**REQUIRED WORK**
Copy the data that follows, character for character, minus the pictures.

**THE DATA**
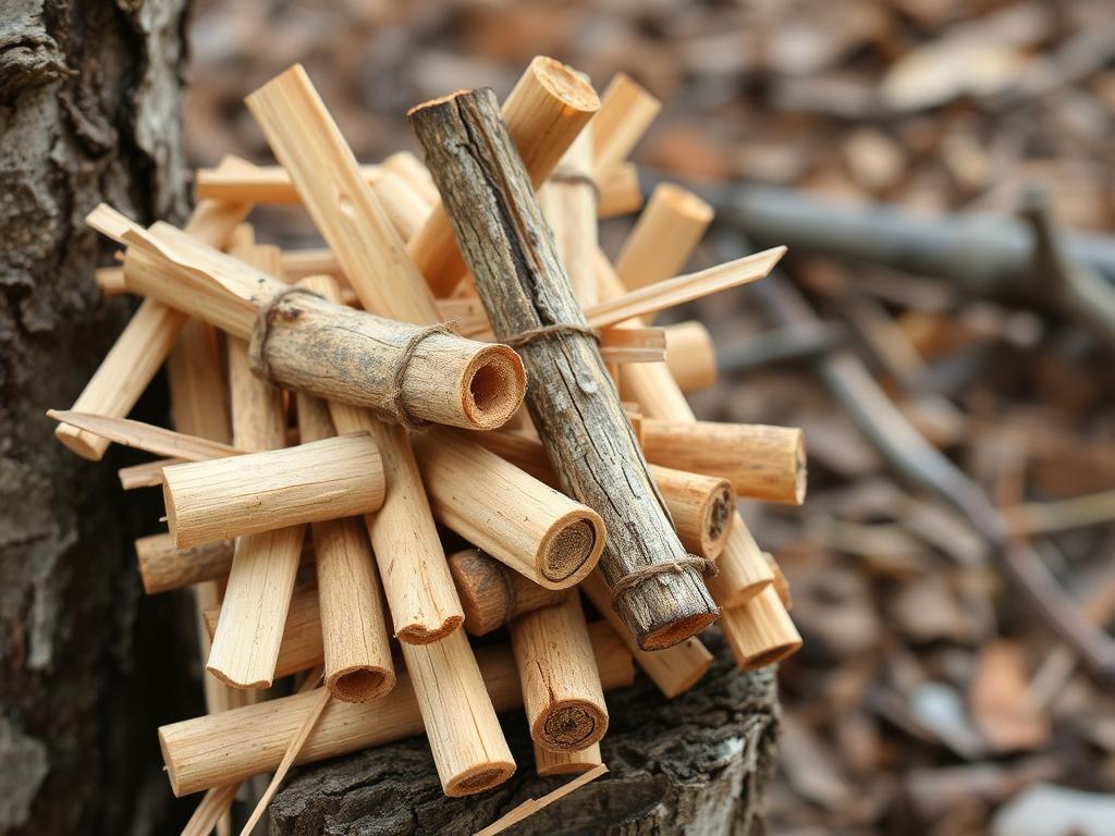 - Обработка: ножом или топориком делите ветку вдоль на тонкие полоски. Не стремитесь получить идеальную ровность, важна тонкость и сухость.
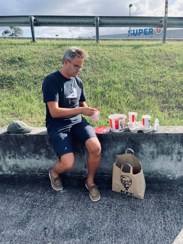 Matkalla olisi ollut eläintarha ja kasvitieteellinen puutarha, mutta ne skippasimme, kun olimme käyneet vastaavissa Martiniquella. Maisematien päästä löytyi Tapion pitkään himoitsema KFC ja pysähdyimme sinne syömään kanaa. Parkkeerasimme auton pysäköintialueelle, mutta jostain syystä paikassa oli avoinna vain autokaista. Sekään ei toiminut ihan perinteisesti, vaan kaistan alussa oli tilausmikrofonin tilalla työntekijä, joka näpytteli tilauksen tabletille. Saimme luvan mennä jalan autokaistaa pitkin jalan. Eipä ole tullut ennen kokeiltua. Saatuamme siipiaterian, menimme picnicille parkkipaikkaa ympäröivälle muurille. Siivet olivat OK, mutta Siipiweikkojen kastiketta tuli ikävä. Syönnin jälkeen menimme läheiseen isoon Carrefouriin täydentämään veneen ruokavarastoja. Paljon mitään ostettavaa ei pitänyt olla, mutta tulipahan sitä taas ostettua satasella ruokaa. Sen jälkeen olikin aika ajaa takaisin kotisatamaan tällä kertaa eri reittiä. Saavuimme perille vasta pimeällä. Onneksi tänään tuli suihkusta vettä vielä illalla ja suuntasimme suihkun kautta nukkumaan.
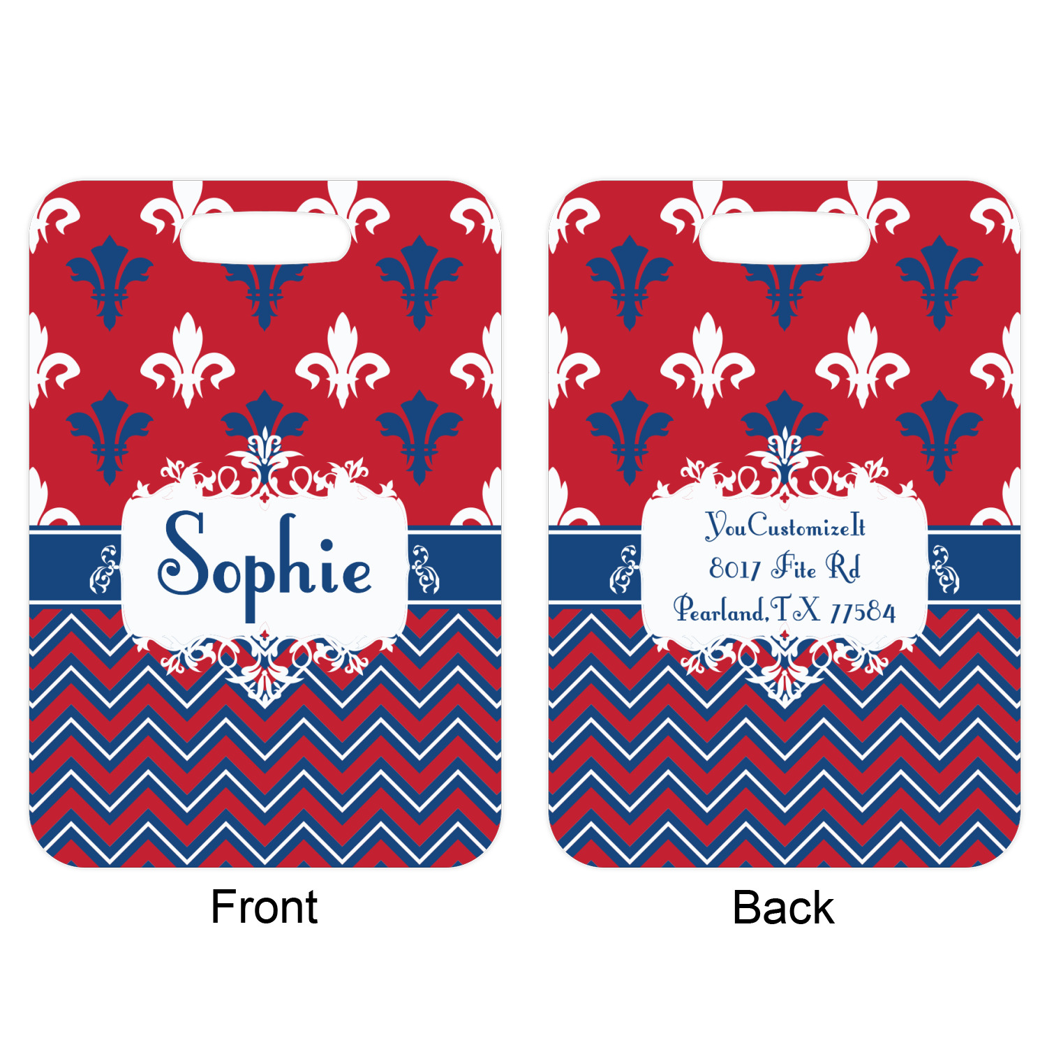 These metal luggage tags are printed on both sides; the front is printed with the design of your choice - and can be personalized with your name, name & initial or your monogram. The back can have as much or as little of your contact information as you desire - your name, your address, city, zip & state, you can also include your phone number and email address. Customize it exactly the way you want it!

**WRITTEN ANSWER**
 - Обработка: ножом или топориком делите ветку вдоль на тонкие полоски. Не стремитесь получить идеальную ровность, важна тонкость и сухость.
 Matkalla olisi ollut eläintarha ja kasvitieteellinen puutarha, mutta ne skippasimme, kun olimme käyneet vastaavissa Martiniquella. Maisematien päästä löytyi Tapion pitkään himoitsema KFC ja pysähdyimme sinne syömään kanaa. Parkkeerasimme auton pysäköintialueelle, mutta jostain syystä paikassa oli avoinna vain autokaista. Sekään ei toiminut ihan perinteisesti, vaan kaistan alussa oli tilausmikrofonin tilalla työntekijä, joka näpytteli tilauksen tabletille. Saimme luvan mennä jalan autokaistaa pitkin jalan. Eipä ole tullut ennen kokeiltua. Saatuamme siipiaterian, menimme picnicille parkkipaikkaa ympäröivälle muurille. Siivet olivat OK, mutta Siipiweikkojen kastiketta tuli ikävä. Syönnin jälkeen menimme läheiseen isoon Carrefouriin täydentämään veneen ruokavarastoja. Paljon mitään ostettavaa ei pitänyt olla, mutta tulipahan sitä taas ostettua satasella ruokaa. Sen jälkeen olikin aika ajaa takaisin kotisatamaan tällä kertaa eri reittiä. Saavuimme perille vasta pimeällä. Onneksi tänään tuli suihkusta vettä vielä illalla ja suuntasimme suihkun kautta nukkumaan.
 These metal luggage tags are printed on both sides; the front is printed with the design of your choice - and can be personalized with your name, name & initial or your monogram. The back can have as much or as little of your contact information as you desire - your name, your address, city, zip & state, you can also include your phone number and email address. Customize it exactly the way you want it!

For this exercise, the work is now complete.